ITIP stands for Income Tax Instalment Payments and the ITIP scheme is the way in which income tax is deducted from an employee’s remuneration by an employer on each pay day. The amount deducted should be paid to the Income Tax Division on a monthly basis. It is then credited to the appropriate employee at the end of the tax year and offset against the income tax payable on that employee’s assessment.

The scheme covers everyone who receives remuneration and includes employees, office holders such as directors, and pensioners. Any remuneration is subject to ITIP and tax should be deducted in accordance with the individual’s tax code.

For the purposes of ITIP, 'remuneration' means any payment of salary, wages, fees, pensions or annuities.

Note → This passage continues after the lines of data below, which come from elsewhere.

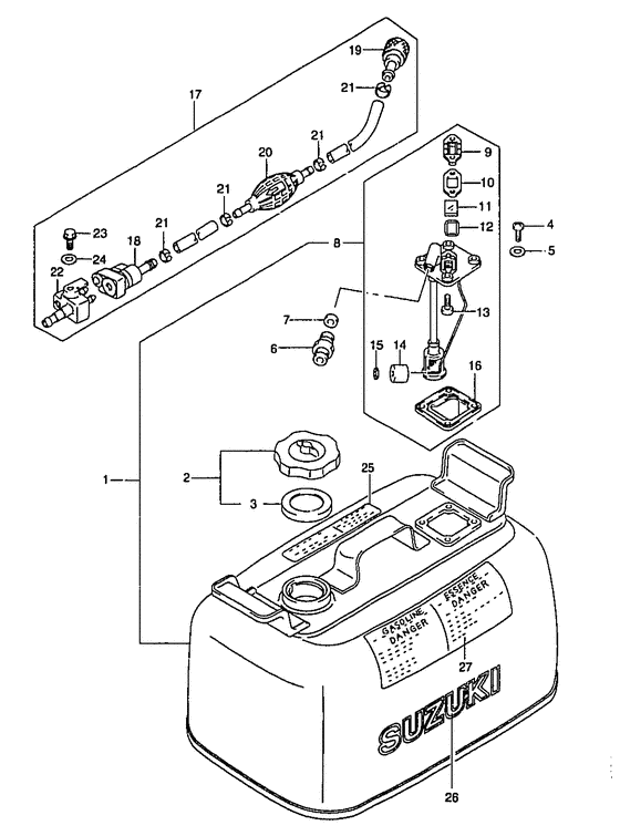 Купить запчасти на подвесной лодочный мотор Suzuki модель 2000 года - Топливный бак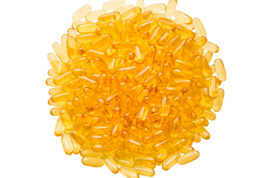 Close up of food supplement oil filled capsules suitable for: fish oil, omega ,evening primrose, borage oil, flax seeds oil, vitamin on transparent png
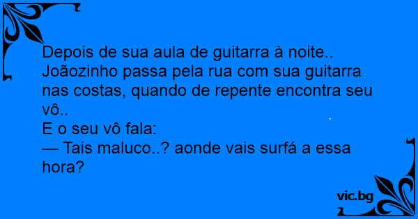Joãozinho passa pela rua com sua guitarra nas costas, quando de repente encontra seu vô..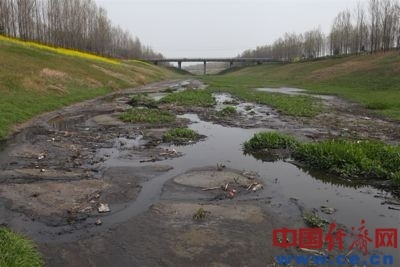 污水在郭庄村附近流入奎旺河的一条支流,顺着河道流入上蔡县,汇入沙河。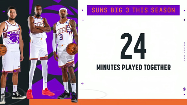 178直播12月17日今年休赛期太阳通过交易引援比尔打造新三巨头,可赛季至今,太阳频频遭遇伤病打击,三巨头仅仅一起出战2场比赛且共同在场仅有24分钟,太阳三巨头出勤率比篮网三巨头还糟糕。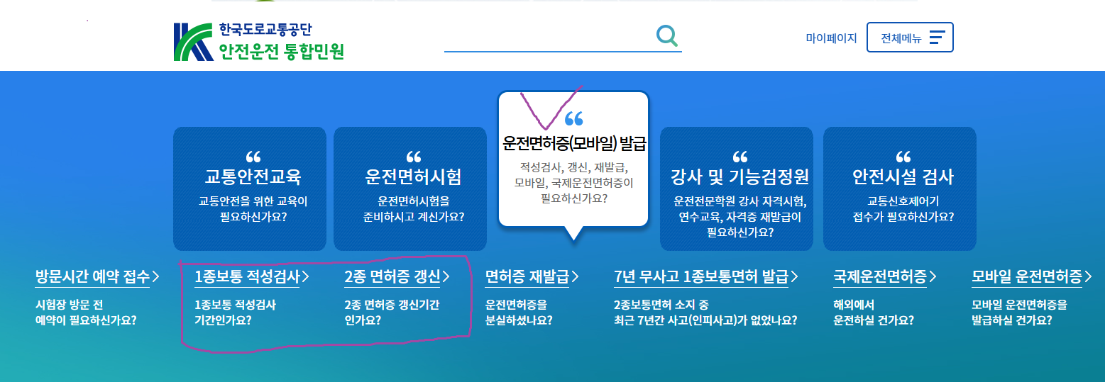 • 홈페이지 접속 → 면허 종류 선택 → 절차 진행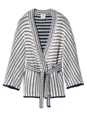 Gilet blanc en maille avec rayures bleu et ceinture de H&M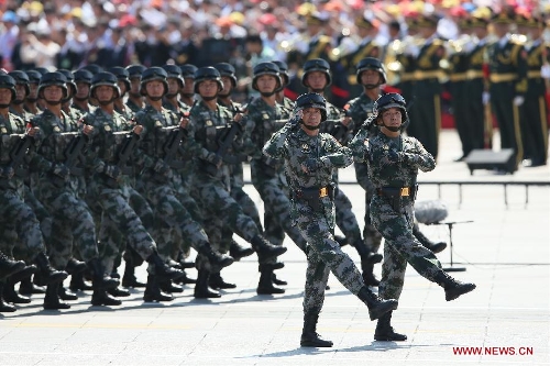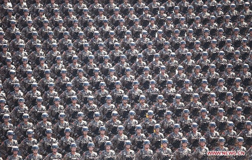 Soldiers of a foot formation march during a parade in Beijing, capital of China, Sept. 3, 2015. China on Thursday held commemoration activities, including a grand military parade, to mark the 70th anniversary of the victory of the Chinese People's War of Resistance Against Japanese Aggression and the World Anti-Fascist War. (Xinhua/Yao Dawei)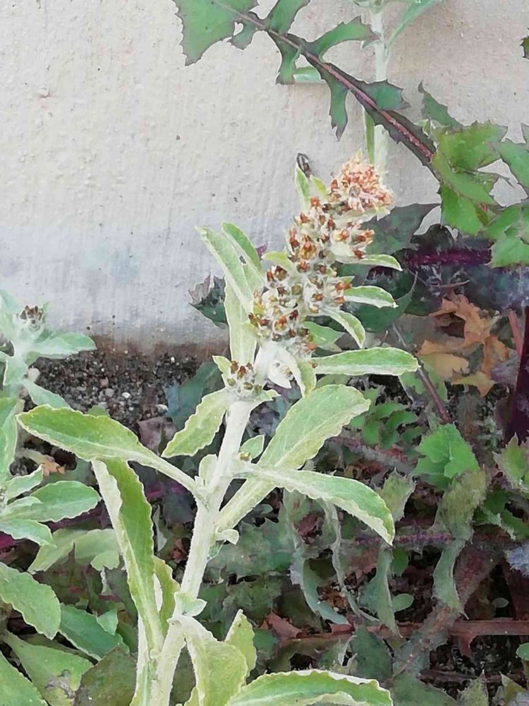 上部の葉腋に淡褐色の頭状花を穂状につける

Examples of remuneration could include:

  • advances of pay
  • back pay
  • bonus, including Christmas bonus
  • cash payments
  • commission
  • expenses
  • fees
  • holiday pay
  • honoraria
  • overtime
  • pay in lieu of notice
  • payments after cessation of employment
  • pensions and annuities
  • prizes, cash incentive
  • round sum expenses
  • salary
  • sick pay
  • termination payments
  • tips/troncs
  • wages

If an employer is not sure whether a payment should be subject to ITIP, they should contact the Income Tax Division for clarification as failure to deduct ITIP when required will result in the employer being liable for that deduction.